- Born: March 18, 1883
- Died: August 12, 1957 (aged 74)
- Genre: Old-time
- Instrument: Fiddle

= Sarah Armstrong (fiddler) =

Sarah Armstrong (March 18, 1883 – August 12, 1957) was a fiddle player and tunesmith from Pennsylvania. She left behind many fiddle tunes that are still widely played today.

==Biography==
Armstrong was born Sarah Gray on March 18, 1883 in Pennsylvania into a musical family. Many of her relatives were part of a band called the Gray Boys. They often hosted dances during which they played music for friends and family. Sarah's Uncle Laney, being the most successful of all the Grays, began teaching her to play the fiddle when she was just five years old. In 1899, Sarah married Charles Armstrong, who also had a love of music. They taught their children to play music, although none carried the tradition into their adult lives.

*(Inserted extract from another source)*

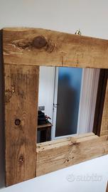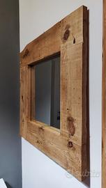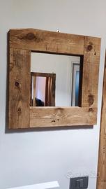 Specchio in legno casa di montagna, arredamento rustico. Fatto a mano con legno di recupero. Dimensioni 48x48 Ritiro o consegna zona Cuneo
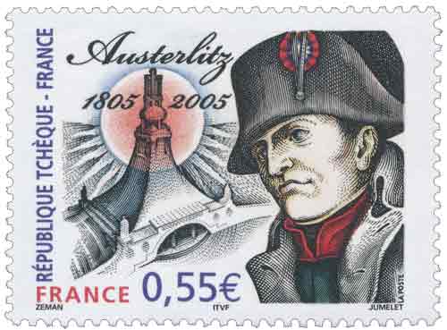 | Commentaire | Pour l’émission commune France-République tchèque, la thématique retenue pour illustrer le timbre de chaque pays est le bicentenaire de la Bataille d’Austerlitz. Le timbre français reprendra le Monument de la Paix, monument érigé sur le lieu de la bataille, et le portrait de Napoléon 1er.Émission conjointe avec la République Tchèque. |

In November 1943, Samuel Bayard, a professor at Penn State visited Armstrong twice. During these visits, he transcribed nearly 40 of her tunes by ear. These tunes would eventually become part of a book Bayard put together called Hill Country Tunes (1944), and they reappeared in another book he published called Dance to the Fiddle, March to the Fife. These books are not only collections of tunes, but also accounts of what Bayard's visits were like. While many of Armstrong's tunes were learned from her family, her versions were more reliable than those Bayard had collected earlier from her uncle Abraham. As Bayard records in his notes for No. 30 in Hill Country Tunes, Armstrong explained how Abraham got his tunes “all mixed up” late in life and did not play them the same way as when he was younger.